Zucchini & Black Bean Soup
- 4 small zucchini, cut into half circles
- 10 oz pico de gallo salsa
- 10 oz medium spice salsa
- 48 oz chicken broth (or vegetable)
- 1 sweet yellow onion, chopped
- 1 bell pepper, diced
- 2 tsp cumin
- 1 tbsp chili powder
- salt & pepper, to taste
- small pinch cayenne pepper
- 4 oz tomato paste
- 15 oz can black beans, drained and rinsed
- 2 cups frozen corn
- avocado, fresh cilantro, and radish to garnish
- Add the zucchini, salsas, broth, onion, bell pepper, cumin, chili powder, salt, pepper, cayenne, and tomato paste to the inner pot of the pressure cooker; stir together.

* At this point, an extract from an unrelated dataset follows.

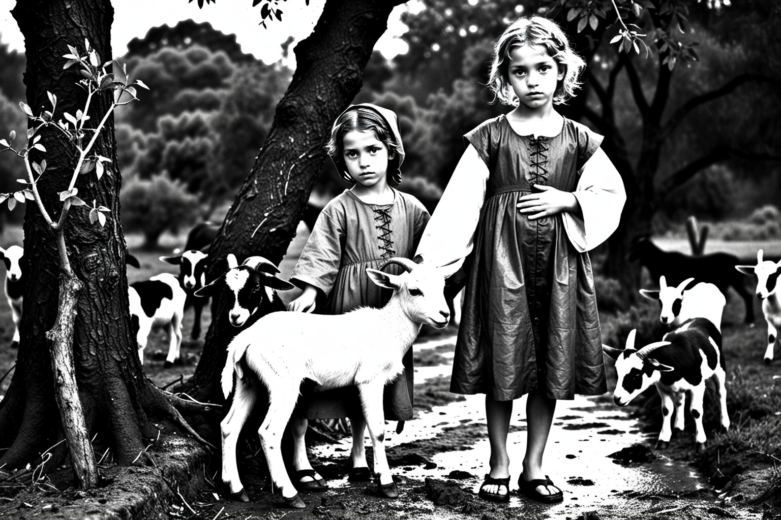Rembrandt style, village, storm, sunset, rain, children, goats, olive trees, birds, Rubus bushes, oil painting, texture, depth, realism, contrast, wet ground, peace, turmoil, war, adverseriality, nature, humanity HD, sharp focus, stunningly beautiful, daguerreotype photo, 1920s photography, historical photo, aged photo, black & white photography, damaged photo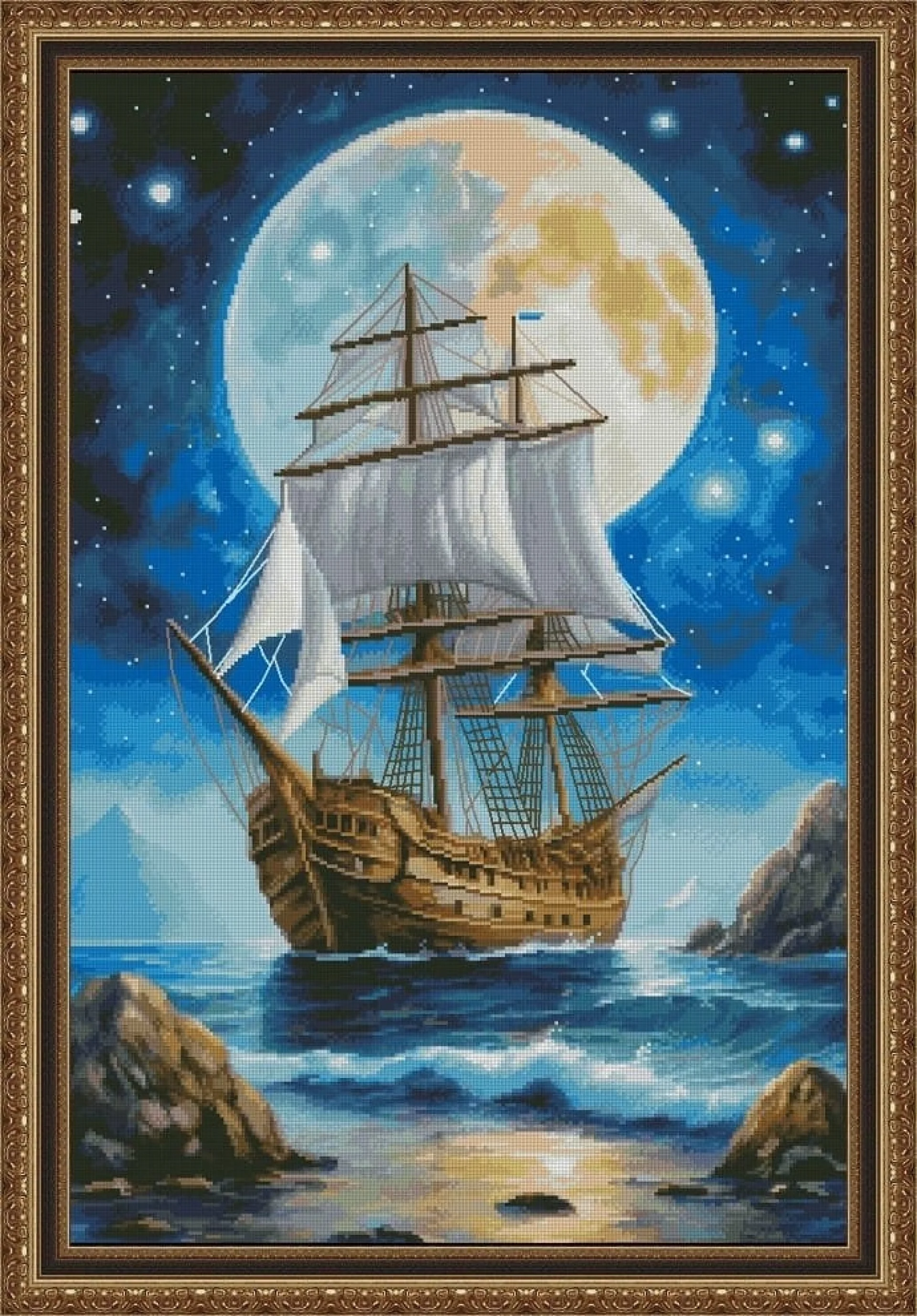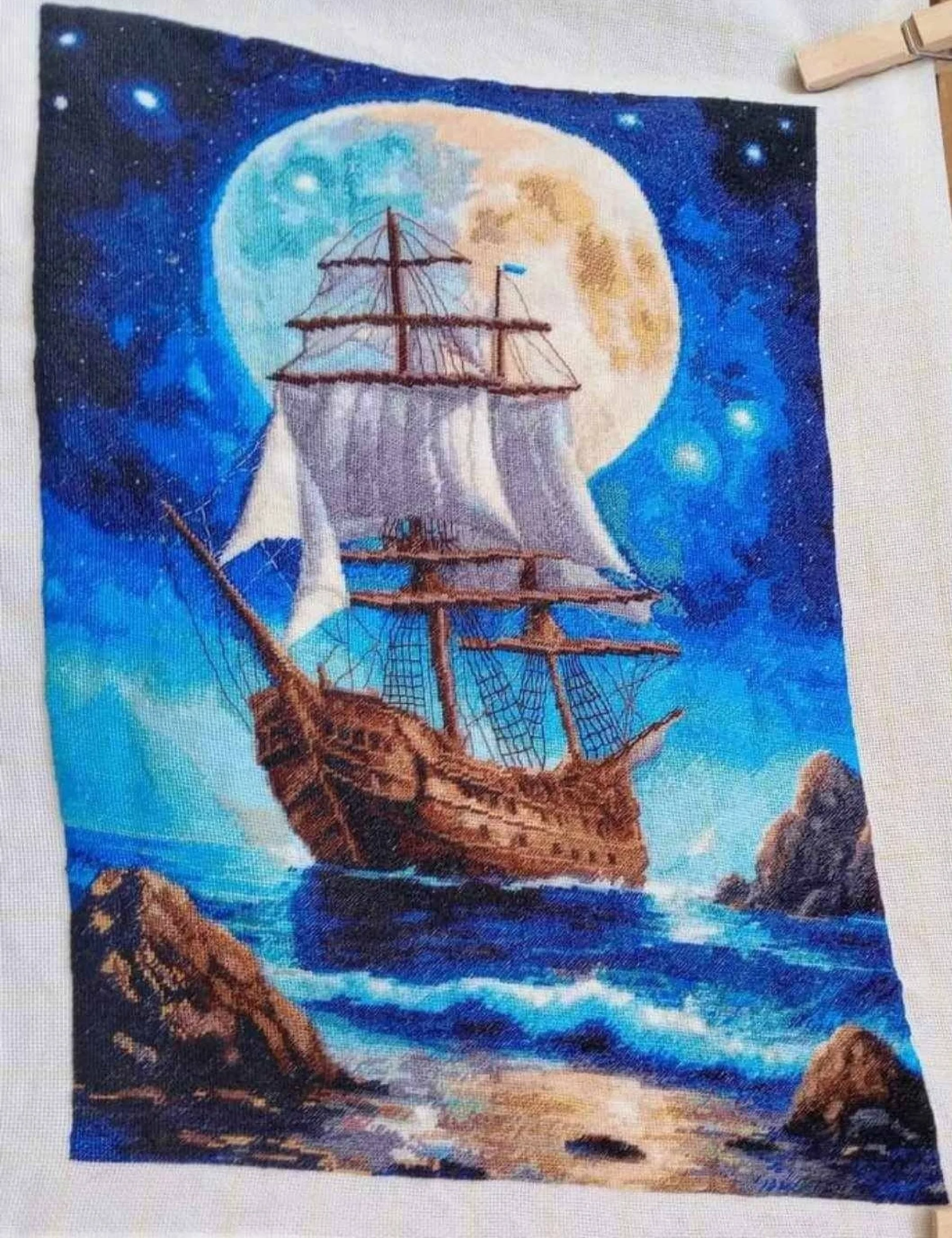 Комплектът на фирма Fantastic-R съдържа панама с игла, черно-бяла схема размер А4 и комплект конци готови за бродиране.

- Lock the lid into place and set the cooker to Soup with PP50. Make sure the steam vent is locked.
- Allow the soup to cook until it reaches pressure, then switch the cooker to Keep Warm. Do a quick pressure release by changing the steam vent to VENTING. Be careful of escaping steam.
- Once the pressure is fully released and the lid safety unlocks, open the lid.
- Add the black beans and corn. Set the cooker for the Sauté-then-Simmer STS® function.
- Once the soup reaches a gentle boil, let it cook for an additional 10 minutes.
- Turn off the cooker. Ladle soup into bowls and top with desired garnishes. Enjoy!